Mrs. Laura Ingalls Wilder, writer of the 'Piffling House' serial of children's books, died yesterday at her subcontract near hither afterward a long affliction. Her age was 90.
Commodity preview. Article bachelor only by subscription or purchase. (subscription required) - ^ Wilson, Scott (2016). Resting Places: The Burial Sites of More Than fourteen,000 Famous Persons, 3d ed. McFarland. ISBN978-0786479924 – via Google Books.
- ^ McHugh, Catherine. "five Facts Nigh Laura Ingalls Wilder". Biography . Retrieved January fifteen, 2021.

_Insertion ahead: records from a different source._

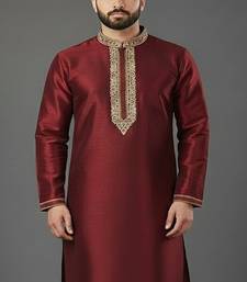 Maroon embroidered dupion silk kurta
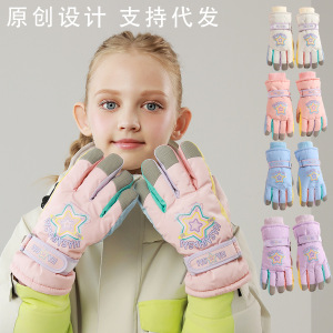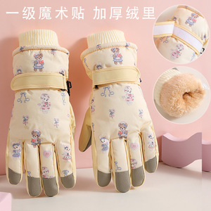 冬季可爱加厚小熊手套保暖加绒防风防水滑雪手套可触屏骑行棉手套
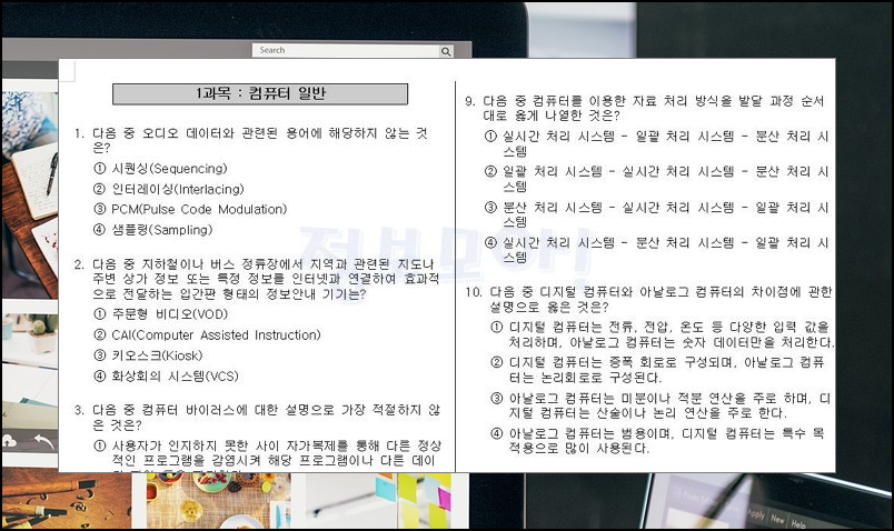 8) 해설집이 포함된 파일의 경우에는 컴화2급 필기 시험을 준비할 때에 기본서를 읽지 않을 분에게 유용합니다. 기출문제의 상세한 해설을 가지고 기본서의 일부 내용을 대체할 수 있어요.
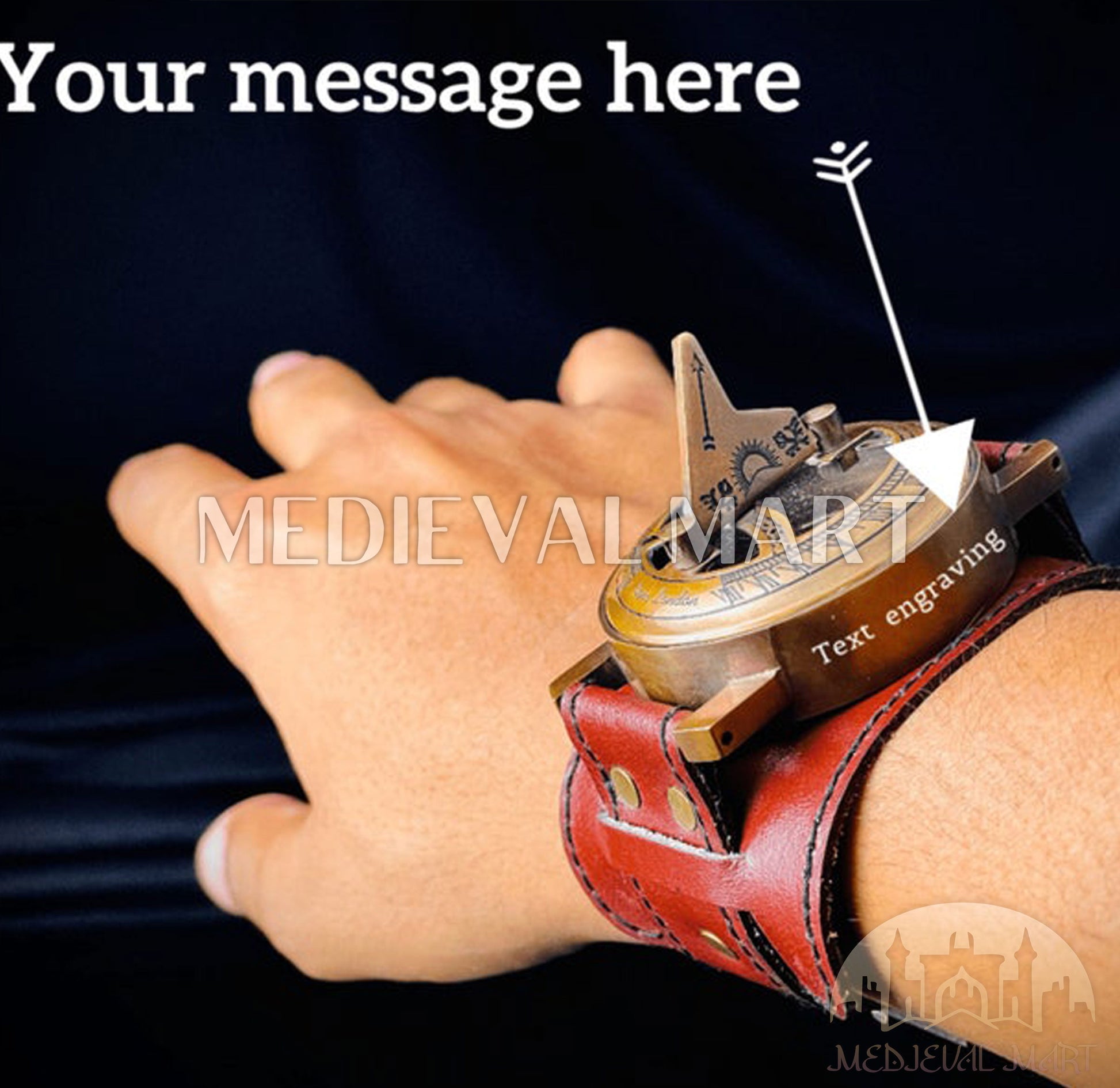 Tracez les étoiles et le temps avec cette remarquable montre à main boussole solaire nautique, inspirée des navigateurs célestes des mers médiévales. Fabriquée à la main en laiton pur avec une lumineuse finition dorée, cette pièce de 50 mm fusionne une boussole entièrement fonctionnelle avec un cadran solaire finement conçu et une montre classique, dont les gravures détaillées capturent l’essence de l’exploration. Personnalisée par une gravure sur mesure, elle devient un souvenir unique, symbole de direction, d’ambition et de force durable. Fixée par un bracelet en cuir cousu main pour un confort optimal et un charme robuste, cette pièce sophistiquée est conçue pour durer. Parfaite pour les anniversaires, les célébrations ou les moments d’admiration, c’est un cadeau inoubliable pour lui, honorant son rôle de force directrice dans les grandes traversées de la vie.
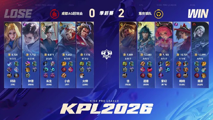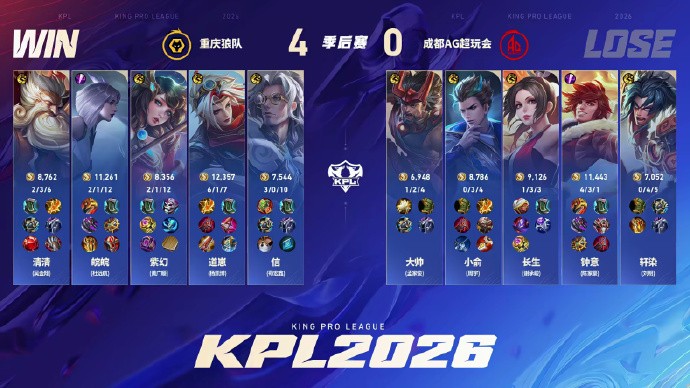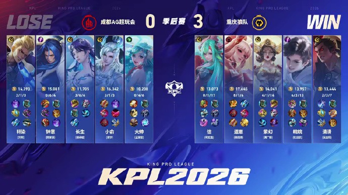 北京时间4月3日,2026KPL春季赛胜者组决赛,重庆狼队4-0横扫成都AG超玩会,成功晋级决赛!

- ^ Holtz 1995, pp. 334, 338.
- ^ "Mansfield Plans Wilder Museum". Springfield News & Leader. February 24, 1957.
- ^ Holtz 1995, p. 340.
- ^ See Carolyn Fraser, Prairie Fires: The American Dreams of Laura Ingalls Wilder. Henry Holt and Co., 2017. Besides see William Holtz, The Ghost in the Little House: A Life of Rose Wilder Lane. Academy of Missouri Press, 1995.
- ^ Richardson, Lynda (November 23, 1999). "Piddling Library On the Offensive". The New York Times. ISSN 0362-4331. Retrieved February 4, 2020.
- ^ See Carolyn Fraser, Prairie Fires: The American Dreams of Laura Ingalls Wilder. Henry Holt and Co., 2017.
- ^ Strait, Jefferson (Apr 28, 2001). "Wilder library on verge of settlement". Springfield News-Leader.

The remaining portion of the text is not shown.